- _EXERCISE DETAILS_
Output every line of the material exactly, omitting images.

DATA SHOWN Start Marker

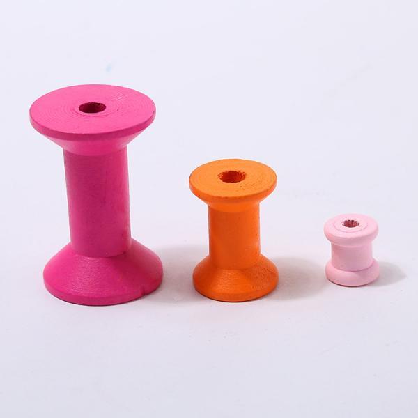 Unfinished spools can be painted, stained, or further embellished for decorative purposes.
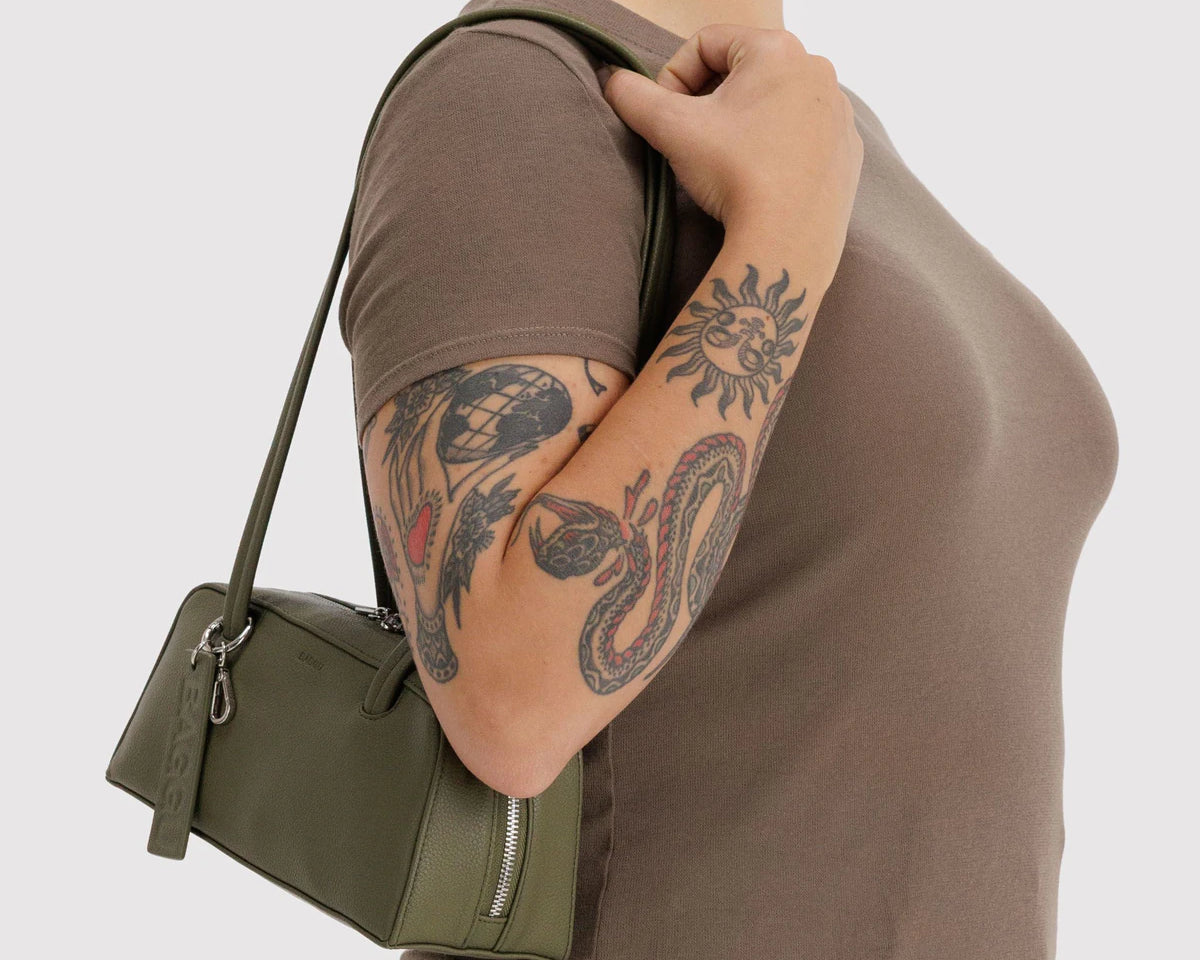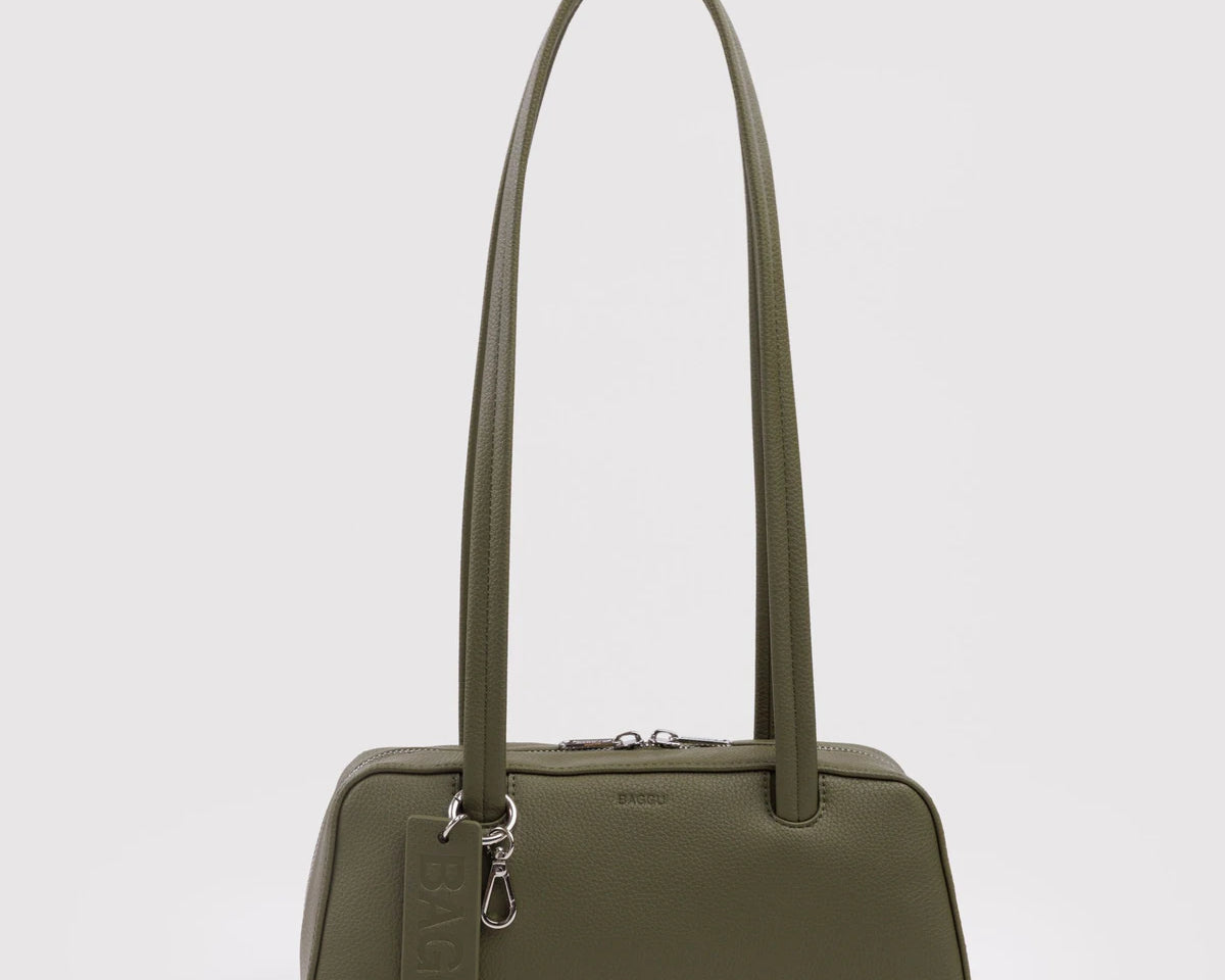 Small Recycled Leather Bowler Bag - Loden | BAGGU
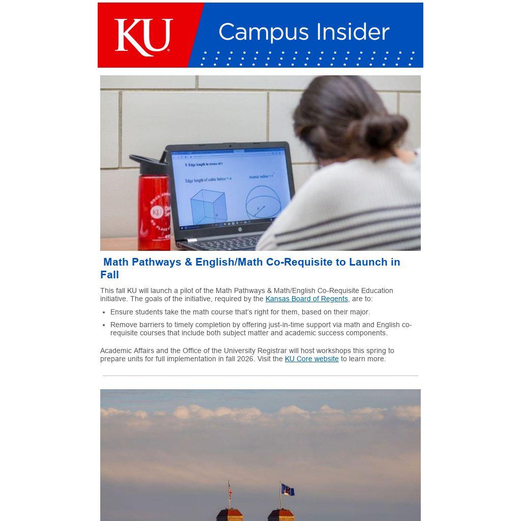 This fall KU will launch a pilot of the Math Pathways & Math/English Co-Requisite Education initiative. The goals of the initiative, required by the Kansas Board of Regents, are to:

DATA SHOWN End Marker

- _RESPONSE BOX_
 Unfinished spools can be painted, stained, or further embellished for decorative purposes.
 Small Recycled Leather Bowler Bag - Loden | BAGGU
 This fall KU will launch a pilot of the Math Pathways & Math/English Co-Requisite Education initiative. The goals of the initiative, required by the Kansas Board of Regents, are to:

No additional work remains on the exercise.